You must change your perspective, if you want to change how we see the world.

One good place to find out what some out of the box thinkers are thinking, is over at Tish Shute’s blog. Check it out, definitely worth your time. Her recent interviews with Mike Kuniavsky, Adam Greenfield, Usman Haque, and Andy Stanford-Clark are very interesting and in-depth.

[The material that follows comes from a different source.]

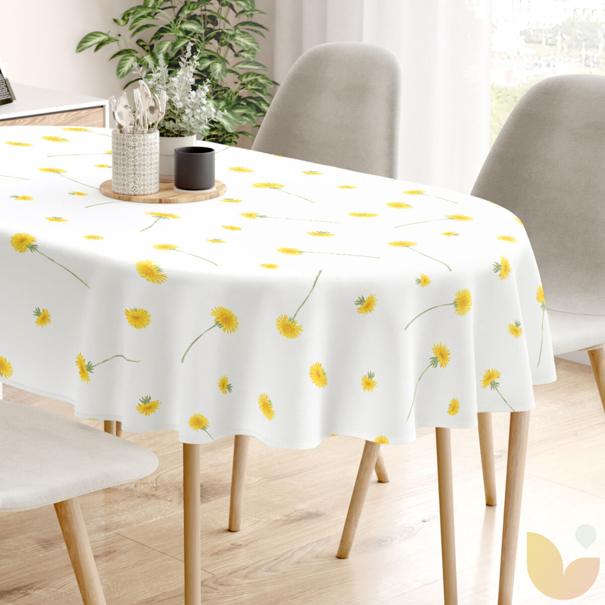 Die ovale Tischdecke aus Baumwolle mit Motiv von Löwenzahn auf weißem Hintergrund. Sie ist aus hochwertiger 100%iger Baumwolle (Gewicht 145g/m2) hergestellt. Die Tischdecke ist sehr formstabil und passt auf jeden ovalen Tisch. Diese Tischdecke schmückt perfekt Ihr Interieur.
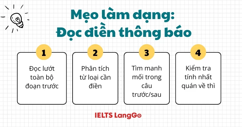 2.1. Mẹo làm dạng: Đọc điền thông báo

What is your vision of the future?


Note to Venture Capitalists: Don’t even THINK about investing in anything remotely associated with Augmented Reality unless you are absolutely familiar (that means having seen or read) with these and others like Neal Stephenson’s Snow Crash and The Diamond Age, Roger Zelazny’s Donnerjack, Charles Stross’ Halting State, Larry Niven’s Dream Park, and just about anything by William Gibson and Bruce Sterling. My apologies to anyone I left out, this isn’t a definitive list by any means. Make sure you watch Masamune Shirow’s Ghost in the Shell as well. Beware of the slew of startups that will come out of nowhere in the next few years with no discernable business model or any real understanding of the tech. Everyone and their brother is going to try to jump on this bandwagon once the realization sets in that the next billion dollar world-changing corporations are going to have something to do with L3. Get rich quick is going to be redefined.